The young man found a stick, one that evidently met his standards for length and strength. He kept it in front of himself; he walked deliberately toward the cliff, and the illusion.
Oh. Clever. Avoiding traps. Testing a theory. Lorre found himself impressed, particularly when the young man watched the tip of the driftwood vanish and nodded to himself and then set rocks down to neatly mark the spot.
The island was not large, and the beach even smaller: a jut of cliff, a tangle of vines, a small lagoon and a trickle of water down to the shore. The illusion hid the cave-opening, but there wasn’t really anywhere else for someone to be; the young man figured that out within an hour or so of methodical exploration, and returned to the shore, and looked thoughtfully at the cliffs.

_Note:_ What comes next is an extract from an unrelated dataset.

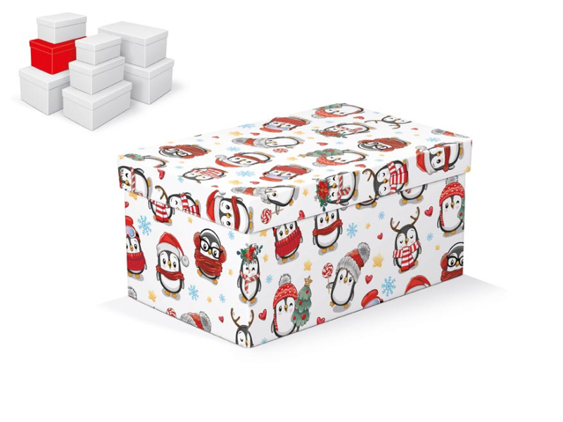 Vianočná darčeková krabička s rozmermi 22 x 14 x 11 cm Darčeková krabička s detským, vianočným motívom tučniakov. Dodávame iba v sete 8 darčekových krabičiek, ktoré sú v rovnakom dizajne, ale rôznych veľkostiach. Pri vložení do košíka sa automaticky vložia aj ostatné krabičky, tak aby ste mali v košíku vždy celý, kompletný set. Cena je uvedená za 1 ks. Materiál: 1,5 mm kartón, potiahnutý papierom s potlačou Súprava obsahuje tieto krabice: 5371038 Darčeková krabička B-V009-A 16x10x8 cm 5371039 Darčeková krabička B-V009-B 18x11x9 cm 5371040 Darčeková krabička B-V009-C 20x12x10 cm 5371041 Darčeková krabička B-V009-D 22x14x11 cm 5371042 Darčeková krabička B-V009-E 24x16x12 cm 5371043 Darčeková krabička B-V009-F 26x17x13 cm 5371044 Darčeková krabička B-V009-G 28x18x14 cm 5371045 Darčeková krabička B-V009-H 30x19x15 cm

He’d rolled up his sleeves and undone the ties of his shirt, given the heat; he had a vine-leaf in his hair, along with a hint of sweat.
Lorre, in some ways still very much human, couldn’t not stare. Something about those forearms under the rolled-up sleeves. That hint of well-muscled chest. The casual ripple of motion, broad shoulders, heroic thighs.
“I suppose,” the young man said, very wry, still looking at the cliff as if perfectly aware Lorre was watching, “I should introduce myself. I think I forgot to, earlier.”
I suppose you should, Lorre agreed silently. Since you’re here. Disrupting my life.
He ignored the fact that he’d had no real plans. Meditation. Quiet. A hope for calm.
A hint of dragon-fire slid through his veins, under his skin. A memory. Restless. Beckoning. Dangerous.
“My name is Gareth,” the young man said, “Prince of the Mountain Marches, Lord of Honeywood, if the titles matter to you. King Ardan is my older brother. And we need your help. Desperately.”
Lorre found himself obscurely disappointed by this ordinariness. So small. So human. Just like all the rest.
He flipped himself back up onto the ledge, getting up. He had spiced wine in the small pantry, and a book on the theory of sea-witches, magic-users hidden in the ocean, which no one had ever verified, but which might be possible, down in the deeps.
“The mountain bandits have a mage,” the young man—Gareth—told the air. “This year. They’ve always come—but it’s worse, it’s so much worse—and the villages need us, and we’ve never had a good army, we’re a small kingdom and we mostly have a lot of goats—and they have magic now, and then my uncle betrayed us, and—” He stopped, voice exhausted, defeated. “You’re here. You must be here. Are you listening?”
No, Lorre nearly said. I’ve been an ancient oak, a speaking raven, the bones of the earth. I’ve nearly killed a king and then saved him again, mostly because my former lover asked and I felt generous. I’ve turned myself into a dragon to see whether I could, and I could, though I got lost in the doing of it. I’ve watched rulers come and go, and magic’s still been here, and I’ve still been here. Why should I care about you and your goats?
But he thought suddenly of sunlight on his skin, and the way he liked sensation, the whisper of silk on his legs or the taste of strawberries.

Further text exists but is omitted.